Sometimes a client is fired for not paying the bill. Brelinski said there is an urge to withhold a file under those circumstances, which he said is wrong.
“If the relationship is ending because of an unpaid bill, I think there is a lot of thought, ‘Well, do I hold back the file until I get paid?’ You can’t do that. You would have to turn over the information ethically and not hold it hostage in order to get paid.”
However, Brelinski and Lyons said they would not turn over any notes they took on the case to the former client.

“As a general rule, I will keep my notes. But I will go over my case with the new counsel,” Lyons said. “He has to know where he is sitting.”

Evans said if the lawyer notes would assist the new lawyer in his case, “I would think real hard whether it would be wise to hold them back, especially if it is an ongoing matter.”
There is a formal ethics opinion that states the file belongs to the lawyer, not to the client, Evans said. Clients have access to the file, but can be charged for copies.
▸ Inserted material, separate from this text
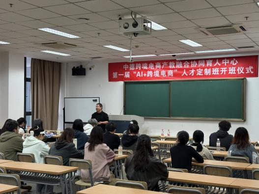 2025年11月6日下午,由日本三级片 日本三级片 与安吉县商务局联合共建的中德跨境电商产教融合协同育人中心“AI+跨境电商”首届人才定制班正式开班。经过前期招生简章发布、报名资格审核、入围学生面试及名单公示等环节,共有来自日本三级片 、经济学院及管理学院的35名本科生与研究生脱颖而出,成为首届学员。

“If the client is in the middle of a case and they would be harmed by not receiving those materials, then a prudent lawyer is going to provide those copies and worry about being paid later,” Evans said. “I know that is not always an easy thing to do.”

Hamilton said it is helpful when everyone involved in the case, including support staff, takes notes on a client.

“You should always document every single thing that happens,” Hamilton said. “No question, it helps.”

Hamilton said sometimes clients are more comfortable talking with support staff than the attorney. And sometimes, Hamilton said, she can see patterns of behavior.

“I might consider terminating the contract if they were difficult with the staff,” she said.

But Hamilton said in the handful of times she’s been fired in 30 years, it was because she stood by her unpopular assessment of the client’s case.

“I’ve always learned that when I’ve been terminated, it seems like it is because I was telling the client what I continued to believe was true, but the client didn’t want to accept it as true,” she said.